▸ TASK DESCRIPTION: Exactly as written, write out the lines below from the first to the one containing "101.8平米的C6、D6與", inclusive. Pictures do not belong in the copy.
----- TASK MATERIAL
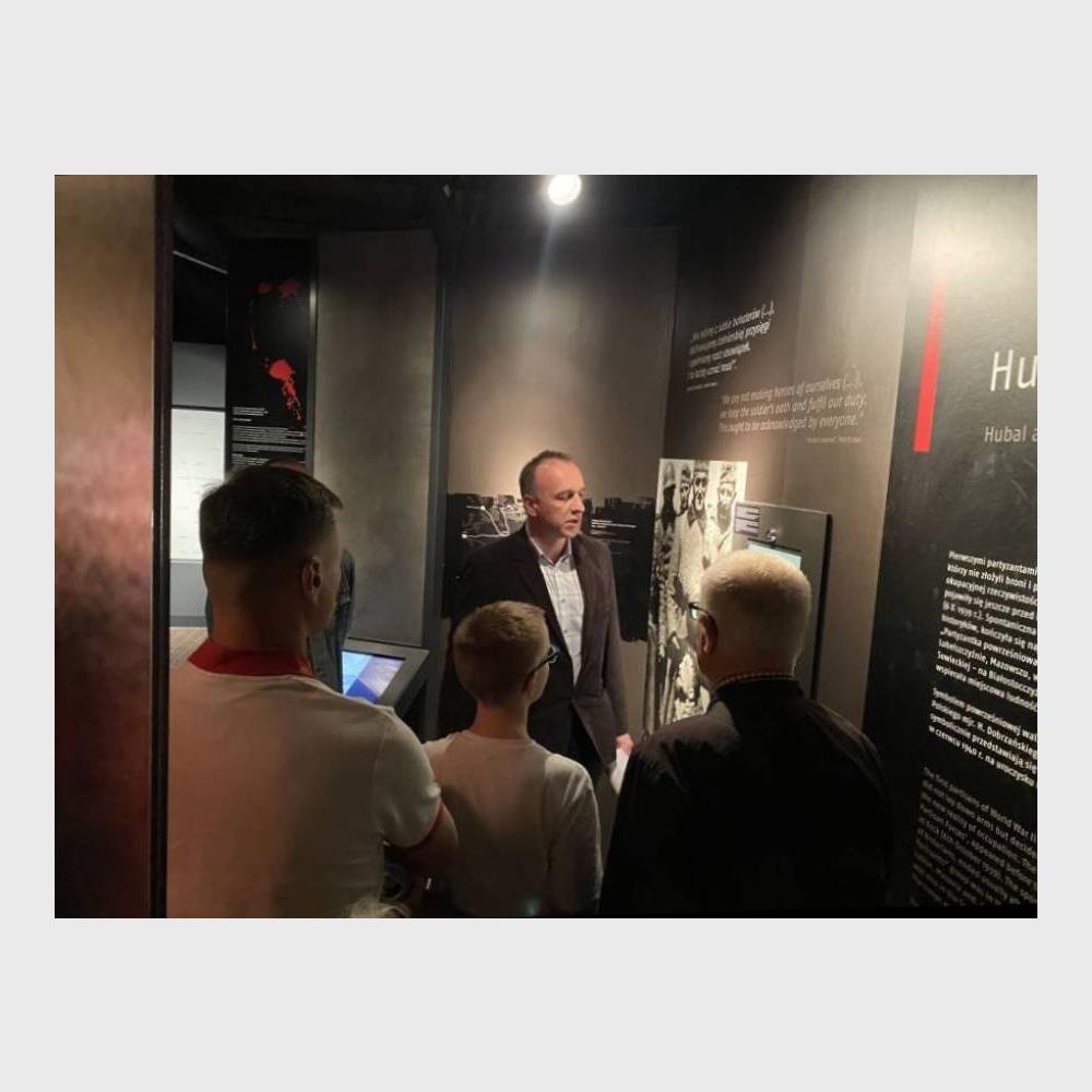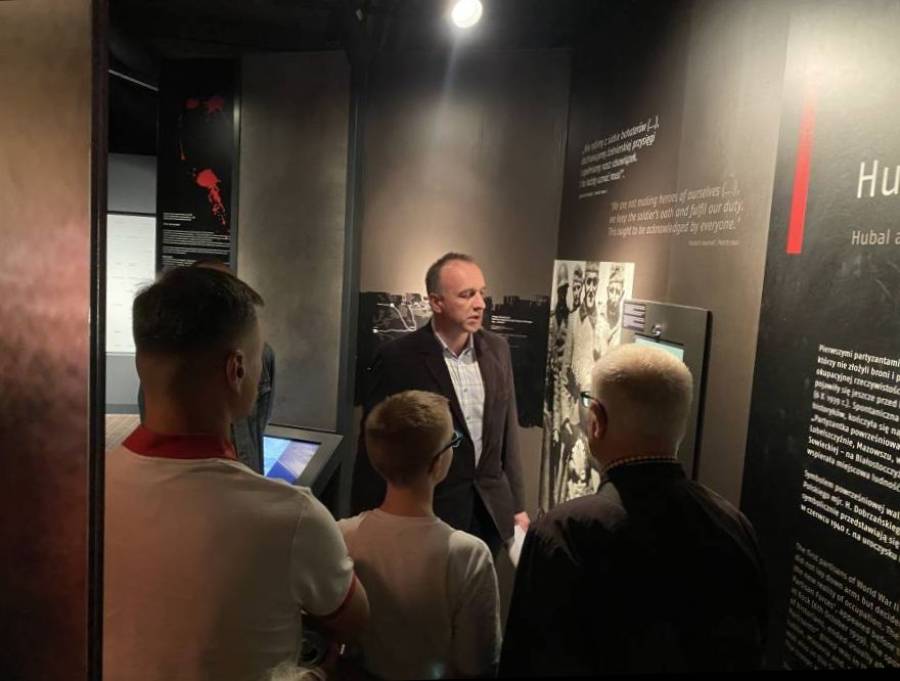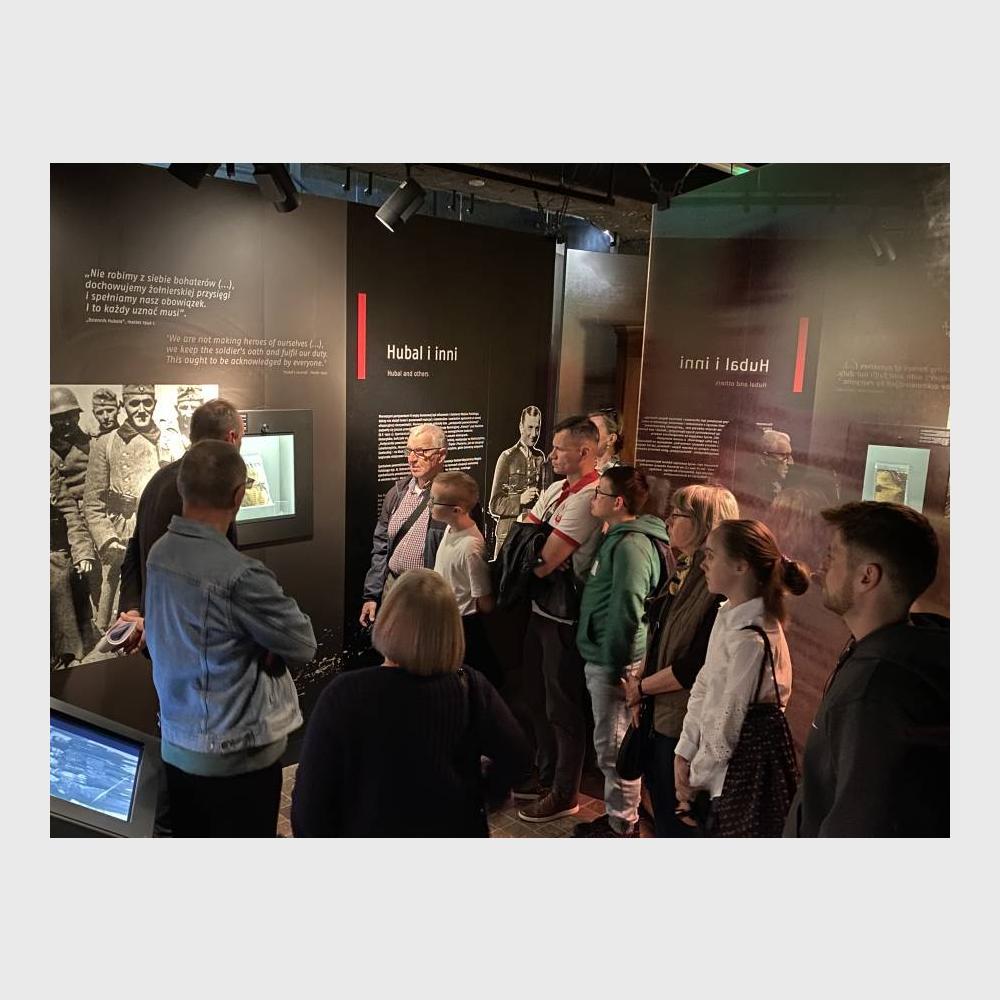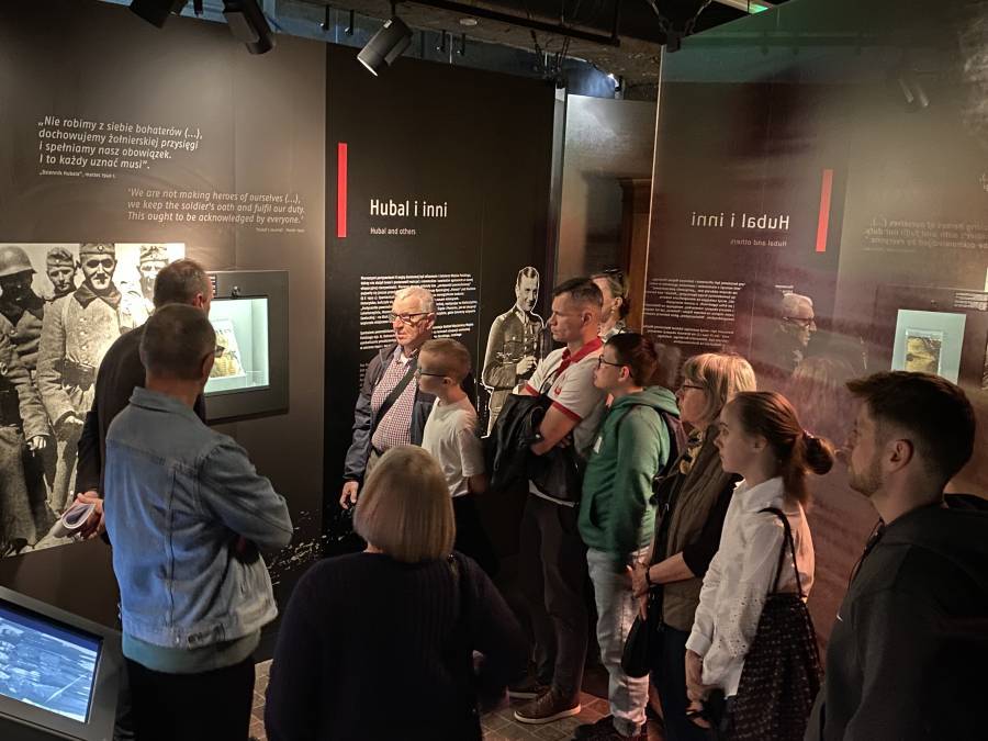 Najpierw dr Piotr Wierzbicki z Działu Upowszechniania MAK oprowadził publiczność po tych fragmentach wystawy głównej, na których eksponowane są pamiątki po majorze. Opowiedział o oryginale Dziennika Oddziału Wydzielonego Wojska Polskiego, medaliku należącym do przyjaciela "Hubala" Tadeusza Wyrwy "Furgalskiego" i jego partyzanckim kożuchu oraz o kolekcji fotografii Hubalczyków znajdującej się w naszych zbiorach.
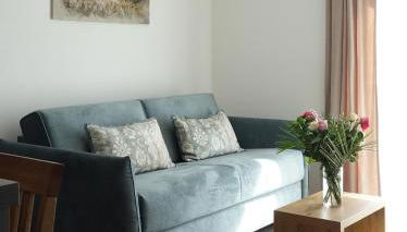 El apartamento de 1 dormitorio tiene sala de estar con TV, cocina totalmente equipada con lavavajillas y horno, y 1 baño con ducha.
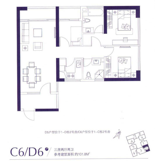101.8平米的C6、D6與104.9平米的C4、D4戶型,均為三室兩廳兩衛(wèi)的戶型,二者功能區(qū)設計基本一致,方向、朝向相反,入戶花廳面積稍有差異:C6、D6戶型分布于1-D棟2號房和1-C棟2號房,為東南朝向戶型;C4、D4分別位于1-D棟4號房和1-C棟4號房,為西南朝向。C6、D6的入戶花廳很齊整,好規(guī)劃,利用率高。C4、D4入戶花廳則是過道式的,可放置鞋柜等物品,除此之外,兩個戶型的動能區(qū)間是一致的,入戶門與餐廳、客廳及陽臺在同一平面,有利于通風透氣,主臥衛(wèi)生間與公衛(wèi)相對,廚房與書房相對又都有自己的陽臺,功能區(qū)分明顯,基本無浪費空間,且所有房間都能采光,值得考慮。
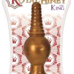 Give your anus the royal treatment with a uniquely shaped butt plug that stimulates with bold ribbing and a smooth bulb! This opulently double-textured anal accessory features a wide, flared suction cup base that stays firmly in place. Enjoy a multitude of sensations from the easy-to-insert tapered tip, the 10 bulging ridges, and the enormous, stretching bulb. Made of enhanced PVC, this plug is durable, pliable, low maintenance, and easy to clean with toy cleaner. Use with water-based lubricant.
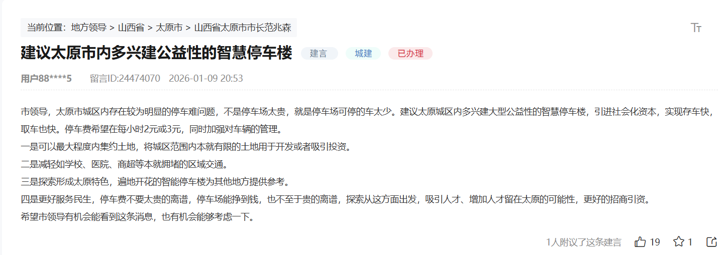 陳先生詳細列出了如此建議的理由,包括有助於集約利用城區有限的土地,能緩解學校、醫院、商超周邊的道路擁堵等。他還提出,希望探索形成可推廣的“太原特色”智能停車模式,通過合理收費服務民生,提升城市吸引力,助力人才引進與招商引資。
----------
▸ ANSWER:
 Najpierw dr Piotr Wierzbicki z Działu Upowszechniania MAK oprowadził publiczność po tych fragmentach wystawy głównej, na których eksponowane są pamiątki po majorze. Opowiedział o oryginale Dziennika Oddziału Wydzielonego Wojska Polskiego, medaliku należącym do przyjaciela "Hubala" Tadeusza Wyrwy "Furgalskiego" i jego partyzanckim kożuchu oraz o kolekcji fotografii Hubalczyków znajdującej się w naszych zbiorach.
 El apartamento de 1 dormitorio tiene sala de estar con TV, cocina totalmente equipada con lavavajillas y horno, y 1 baño con ducha.
101.8平米的C6、D6與104.9平米的C4、D4戶型,均為三室兩廳兩衛(wèi)的戶型,二者功能區(qū)設計基本一致,方向、朝向相反,入戶花廳面積稍有差異:C6、D6戶型分布于1-D棟2號房和1-C棟2號房,為東南朝向戶型;C4、D4分別位于1-D棟4號房和1-C棟4號房,為西南朝向。C6、D6的入戶花廳很齊整,好規(guī)劃,利用率高。C4、D4入戶花廳則是過道式的,可放置鞋柜等物品,除此之外,兩個戶型的動能區(qū)間是一致的,入戶門與餐廳、客廳及陽臺在同一平面,有利于通風透氣,主臥衛(wèi)生間與公衛(wèi)相對,廚房與書房相對又都有自己的陽臺,功能區(qū)分明顯,基本無浪費空間,且所有房間都能采光,值得考慮。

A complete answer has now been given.